| Task description |
Having located "5月份,防水行業投資完成額34.00億元,同比增長29.37%。" in the listing below, write out its line and every following line exactly, last line included, without the pictures.

| Data below |
*** Block opens ***

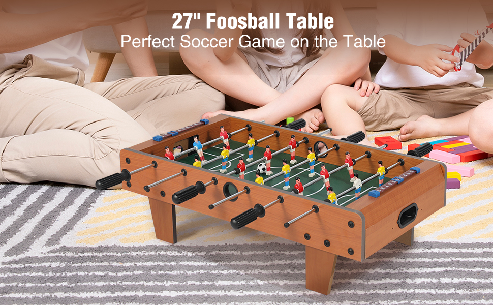 Compact & Easy to Assemble:The size of the mini foosball soccer set is 27.6 * 14.8 * 9.6 in, which is convenient to store without wasting space. The accessories are complete, and can be assembled in a short time according to the instructions.
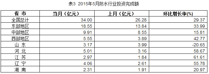5月份,防水行業投資完成額34.00億元,同比增長29.37%。
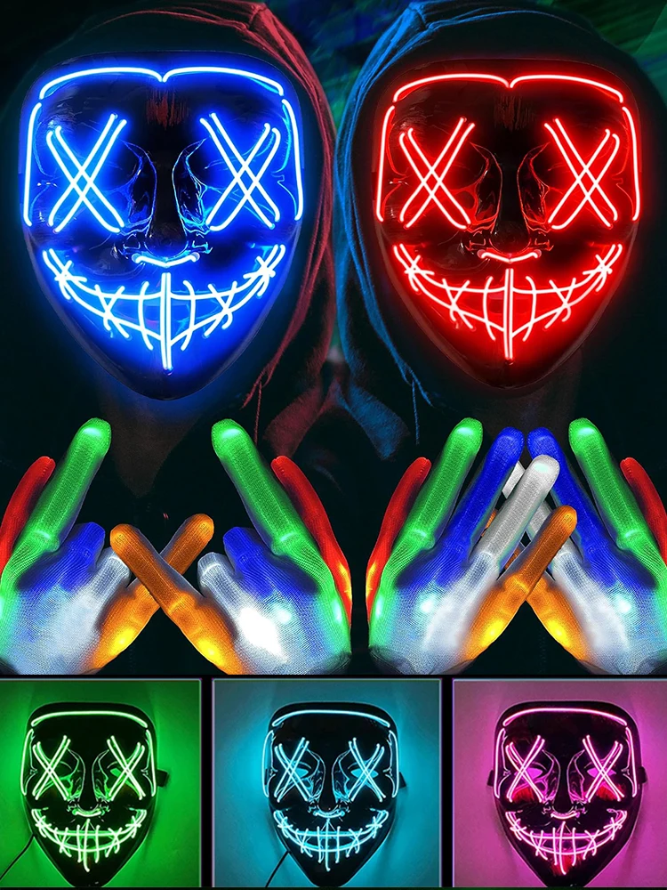 - Halloween Letter V Horror Mask and colorful gloves Wireless Scary Glowing Mask for man women Festival party costume supplies Halloween Letter V Horror Mask and colorful gloves Wireless Scary Glowing Mask for man women Festival party costume supplies

*** Block closes ***

| Answer to the problem |
5月份,防水行業投資完成額34.00億元,同比增長29.37%。
 - Halloween Letter V Horror Mask and colorful gloves Wireless Scary Glowing Mask for man women Festival party costume supplies Halloween Letter V Horror Mask and colorful gloves Wireless Scary Glowing Mask for man women Festival party costume supplies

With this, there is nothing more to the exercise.